### Task description:
Write out only the lines from the top of the listing below through the one with "38x40m ground floor", exactly as they stand, while keeping pictures out of the copy.

### Data supplied:
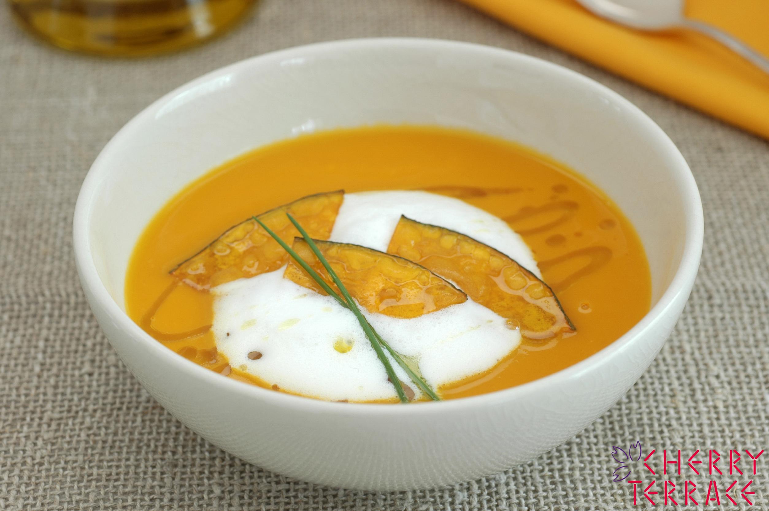 - 牛乳の半量を耐熱容器に入れて温め、バーミックス(ビーター)で温める。4にのせ、薄切りして素揚げしたかぼちゃ、シブレットを添え、好みでラウデミオ(EXV.オリーブオイル)をふる。
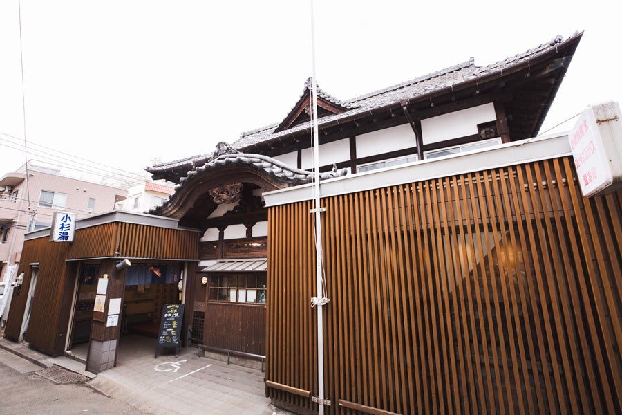 JR高円寺駅から徒歩5分、活気あふれる商店街を通り抜け住宅街に入る、昭和にタイムスリップしたような破風屋根のレトロな建物が存在感をしめしています。音楽、ファッション、サブカルチャーを中心とした多様な中央線カルチャーと、古き良き歴史が混在する高円寺の憩いの場として、多くの方から愛されている銭湯です。名物ミルク風呂、週替り・日替わり風呂、水風呂があり、温冷交互浴は小杉湯の代名詞となっています。
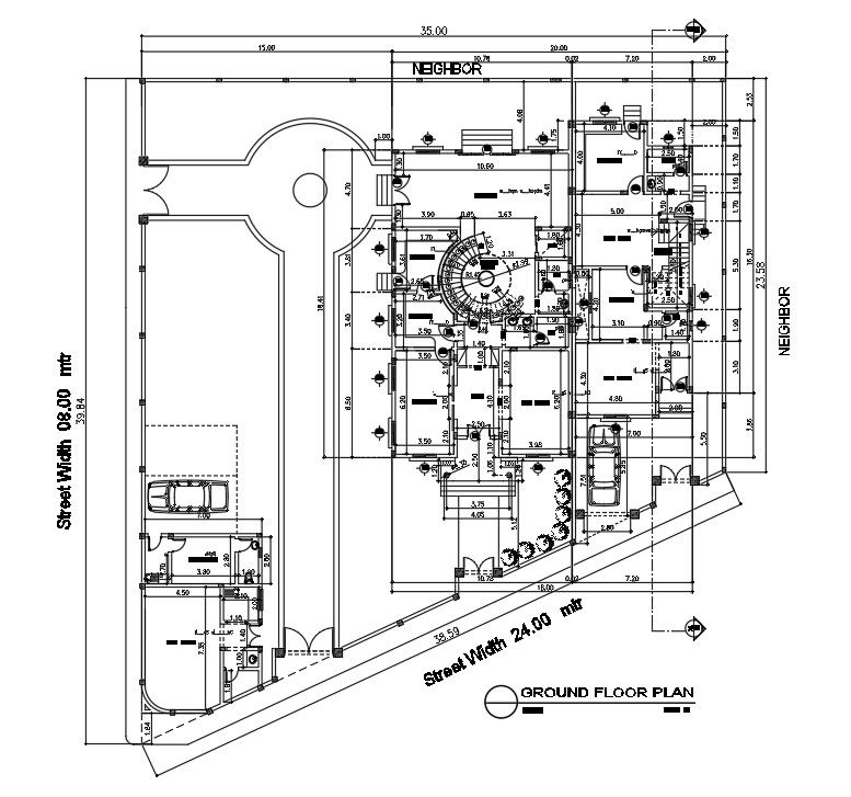 38x40m ground floor villa plan is given in this Autocad drawing file.Download now.
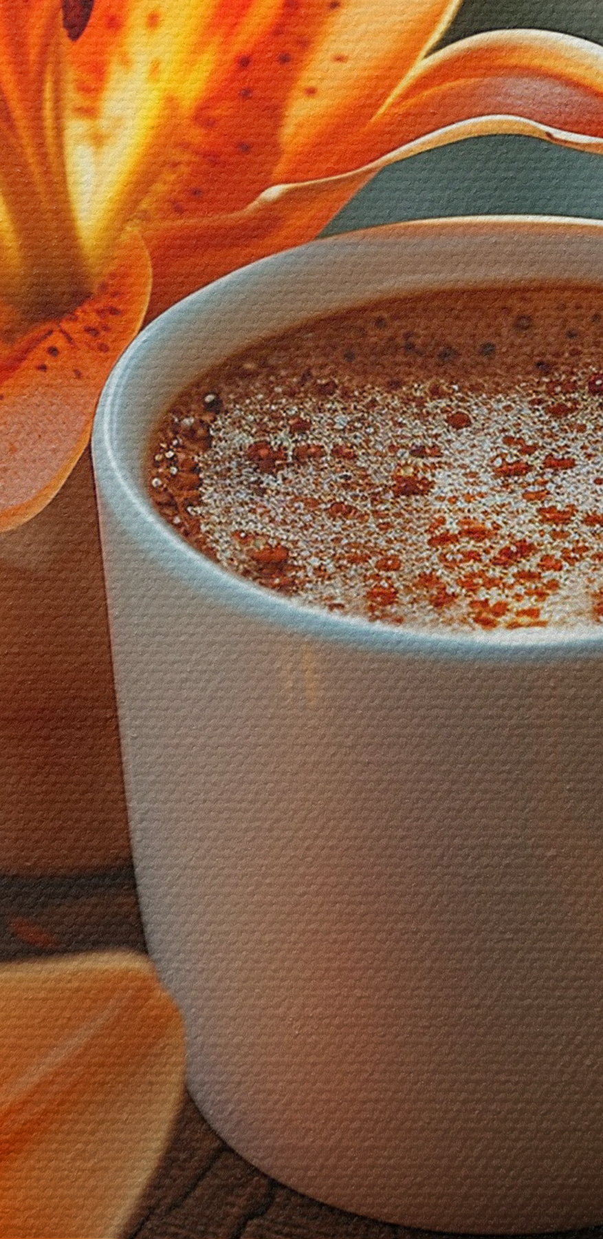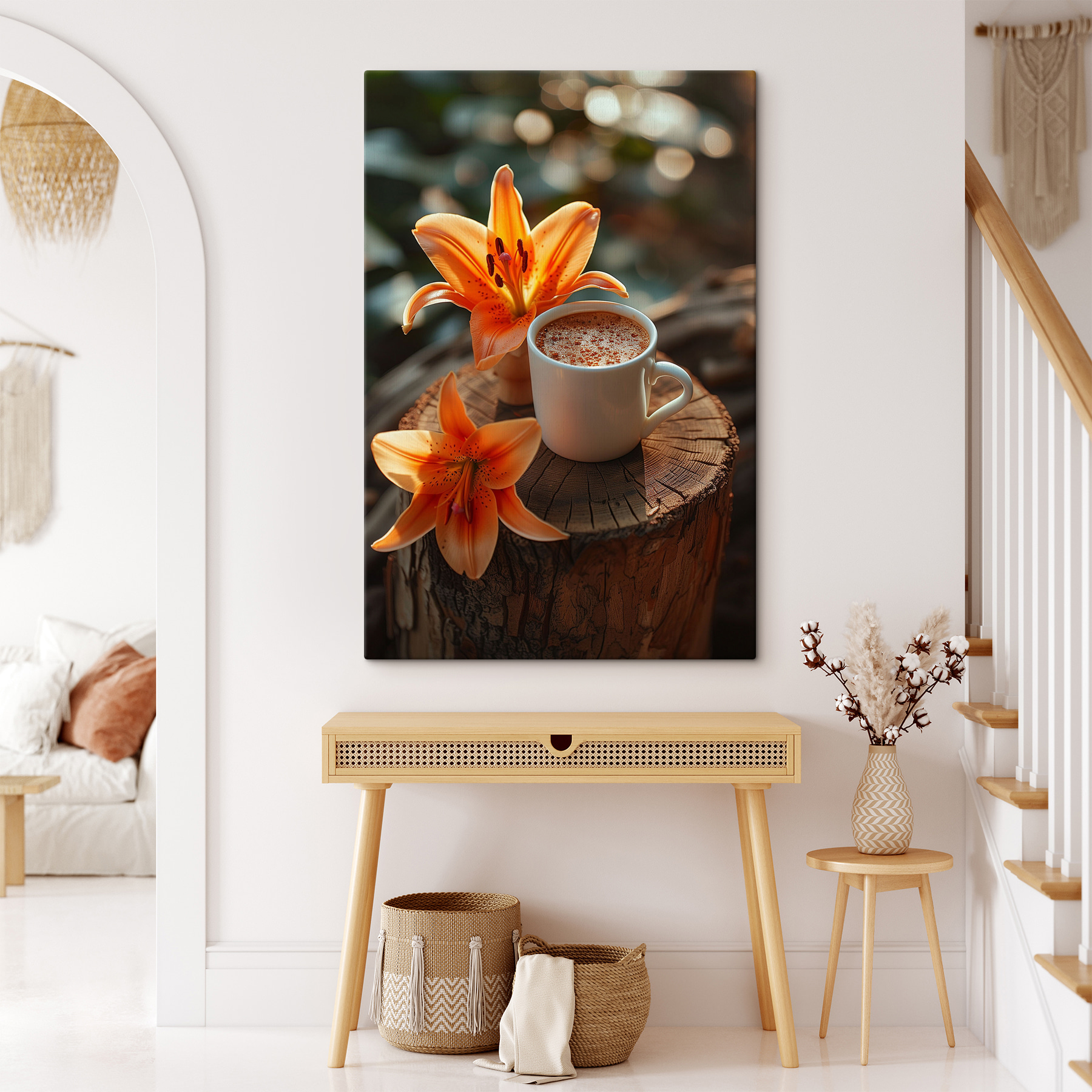 Stel je voor dat je een knus hoekje in je huis vindt waar de tijd even… pauzeert. Deze canvasprint, “Kopje koffie en oranje bloemen”, legt dat moment perfect vast. Het is als een ochtendknuffel, gehuld in de warmte van een kopje koffie en levendige bloemen. De sinaasappels barsten uit met een vriendelijk hallo, terwijl de dampende koffie zegt: “Relax, je kunt het!”. Het kan een herinnering zijn om te vertragen, te genieten van een moment en de eenvoudige geschenken van de natuur je dag te laten kleuren. Een heerlijke toevoeging aan elke ruimte die een vleugje leven en een vleugje rust nodig heeft. Perfect voor dagdromers en koffieliefhebbers!
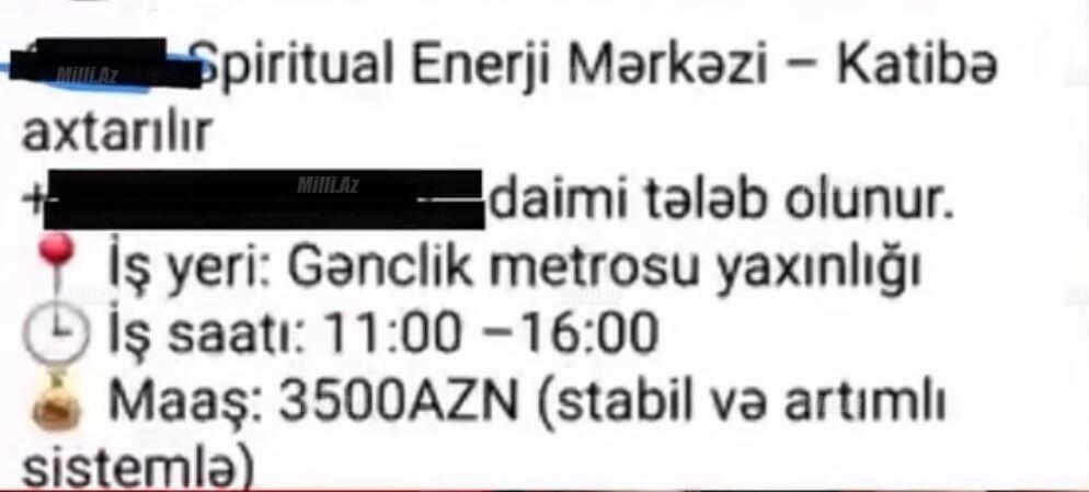 "Spiritual Enerji Mərkəzi" üçün yayılan vakansiya elanı sosial şəbəkələrdə geniş müzakirələrə səbəb olub. Katibə axtarıldığı bildirilən elanda əmək haqqı 3500 manat göstərilib.
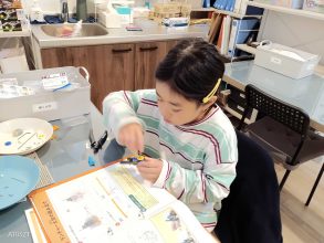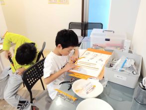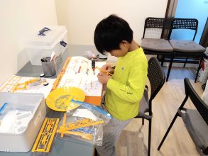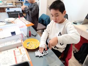 変形クローラーでは、ギヤボックスの仕組みを学んだり、パンタグラフを組み立てました。
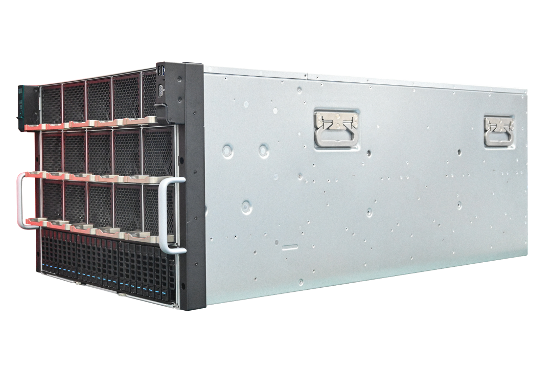 它采用8U双路架构,搭载两颗第五代英特尔®至强®可扩展处理器(最高128核心)及8张高性能GPU加速卡,计算密度高达前代产品的2.4倍,为千亿级参数大模型训练与高并发推理提供强劲、稳定的算力支撑。它配备32个DDR5内存插槽、29块2.5寸硬盘与12块NVMe硬盘,结合18个PCIe 5.0扩展槽与OCP 3.0网络模块,轻松应对海量token数据处理与低延迟传输需求,提供"随需应变"的算力支撑,真正实现"算力如水电般随取随用",满足从科研创新到商业化部署的全场景应用。
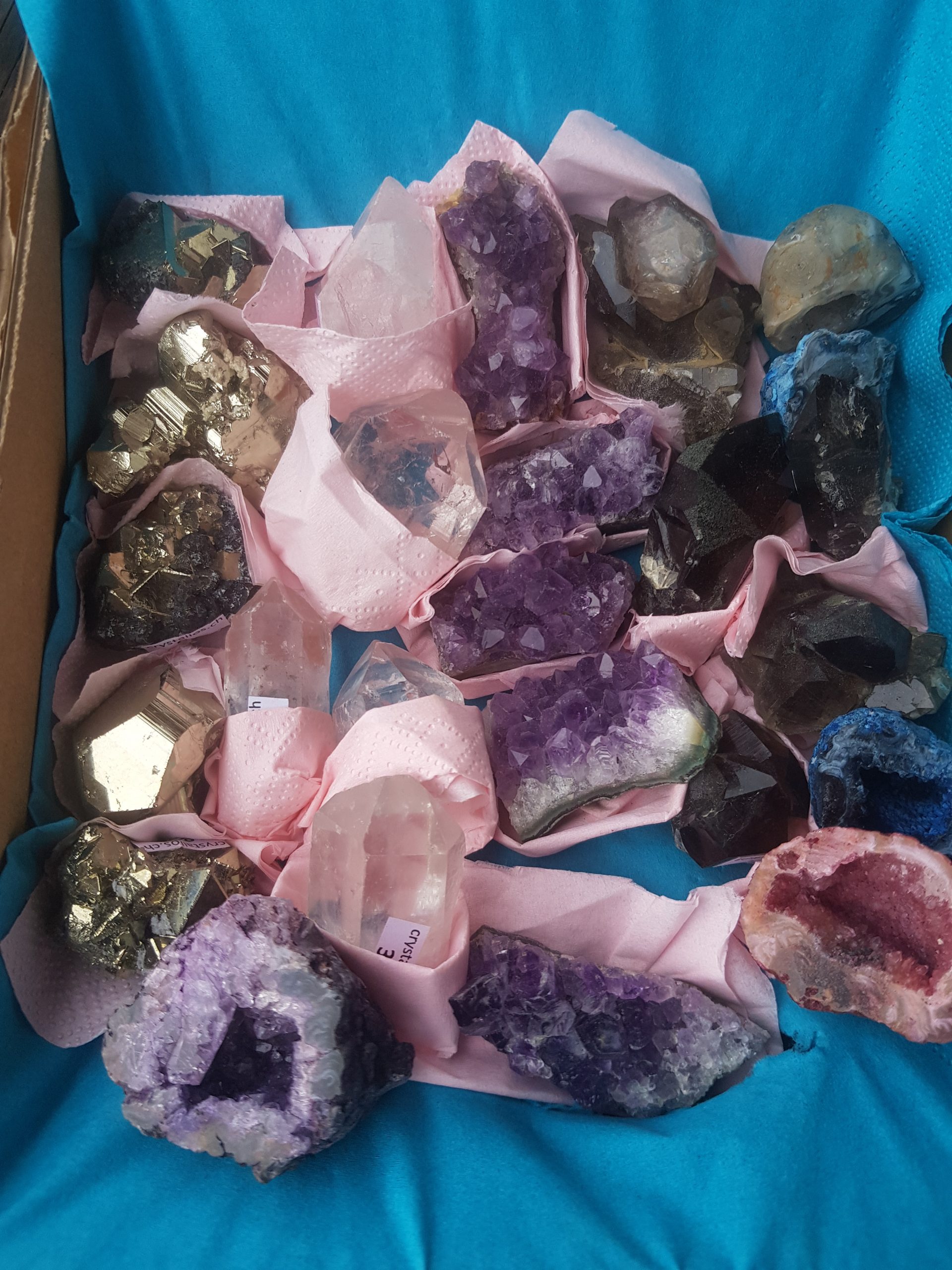 BOX bestehend aus: 5 Bergkristallen, 5 Amethysten, 5 Rauchquarzen, 5 Pyriten, 5 gefärbten Achatgeoden in Kartonbox; Artikel Nr.: BOX-2
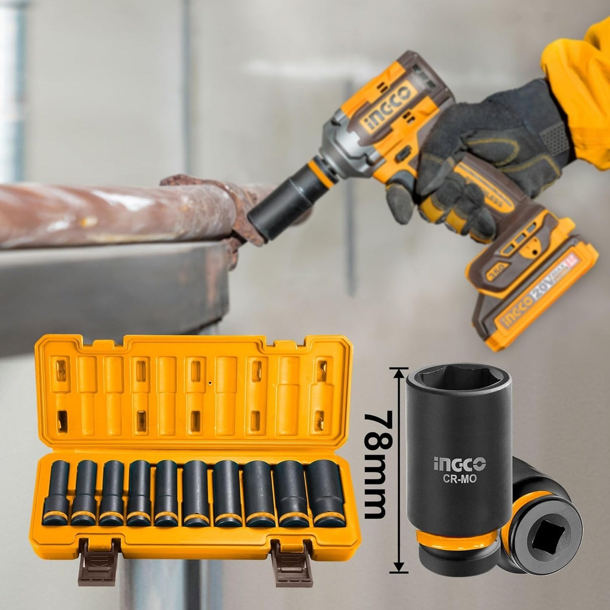 INGCO 10PCS 1/2" DR. CR-MO DEEP MPACT SOCKET SET 10-24MM HKISSD12102L
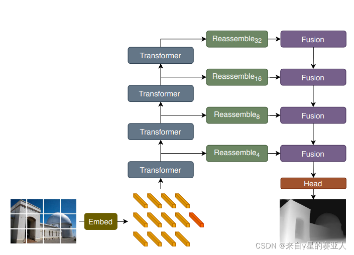 首先,输入图像通过提取非重叠块然后对其扁平表示(DPT-Base 和 DPT-Large)进行线性投影或通过应用 ResNet-50 特征提取器(DPT-Hybrid)转换为标记(橙色);
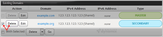 4. Under Existing Domains tab, Select Appropriate domain name you want to delete.
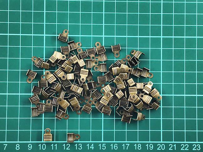送料無料 紐止め金具 カシメ 金古美 アンティークゴールド 100個 幅7mm エンドパーツ 留め金具 アクセサリー パーツ (AP0842)
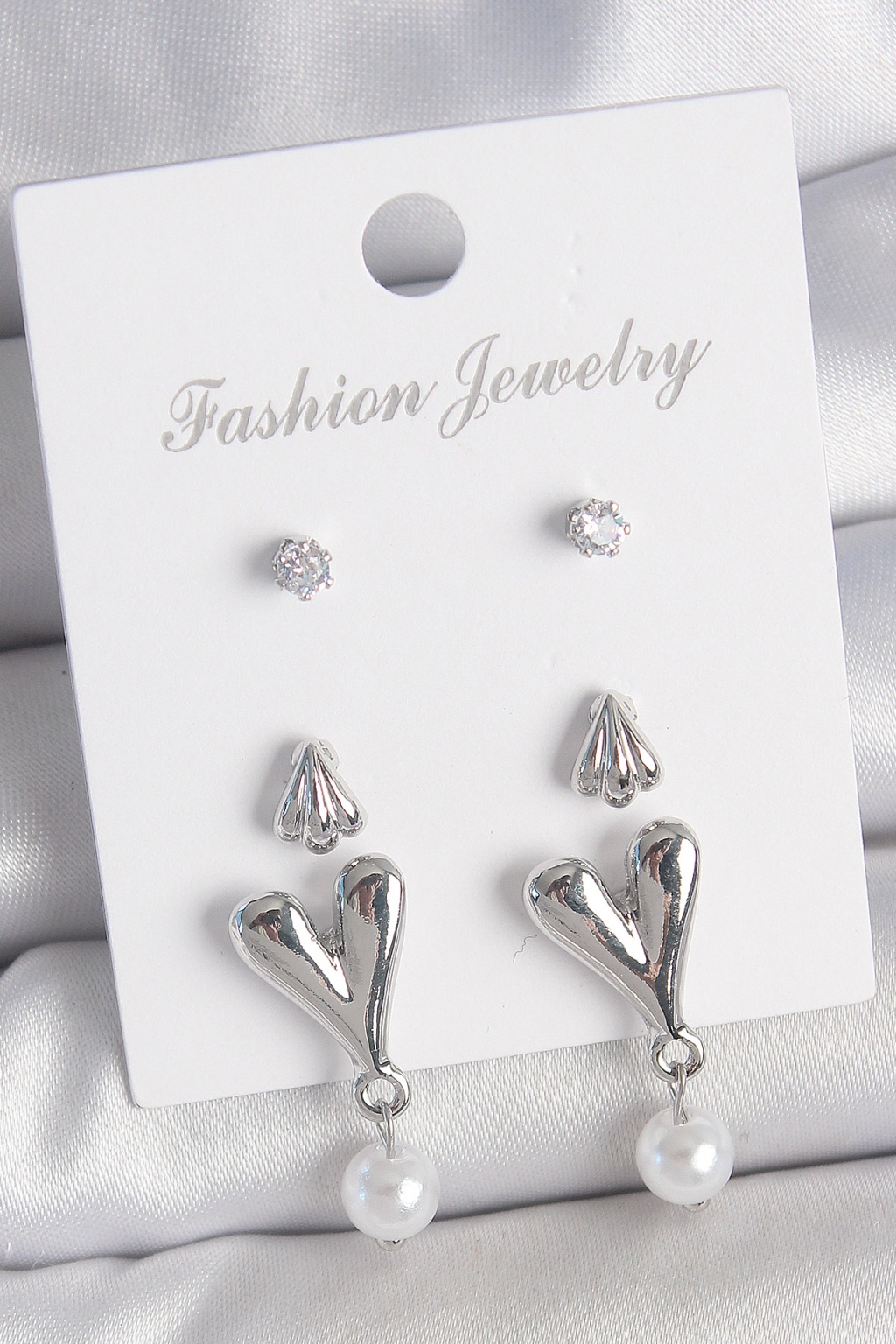 Pirinç Gümüş Renk Zirkon Taşlı Sallantılı Kalp Model 3 Çift Kadın Küpe Seti - Lisinya

### Answer:
 - 牛乳の半量を耐熱容器に入れて温め、バーミックス(ビーター)で温める。4にのせ、薄切りして素揚げしたかぼちゃ、シブレットを添え、好みでラウデミオ(EXV.オリーブオイル)をふる。
 JR高円寺駅から徒歩5分、活気あふれる商店街を通り抜け住宅街に入る、昭和にタイムスリップしたような破風屋根のレトロな建物が存在感をしめしています。音楽、ファッション、サブカルチャーを中心とした多様な中央線カルチャーと、古き良き歴史が混在する高円寺の憩いの場として、多くの方から愛されている銭湯です。名物ミルク風呂、週替り・日替わり風呂、水風呂があり、温冷交互浴は小杉湯の代名詞となっています。
 38x40m ground floor villa plan is given in this Autocad drawing file.Download now.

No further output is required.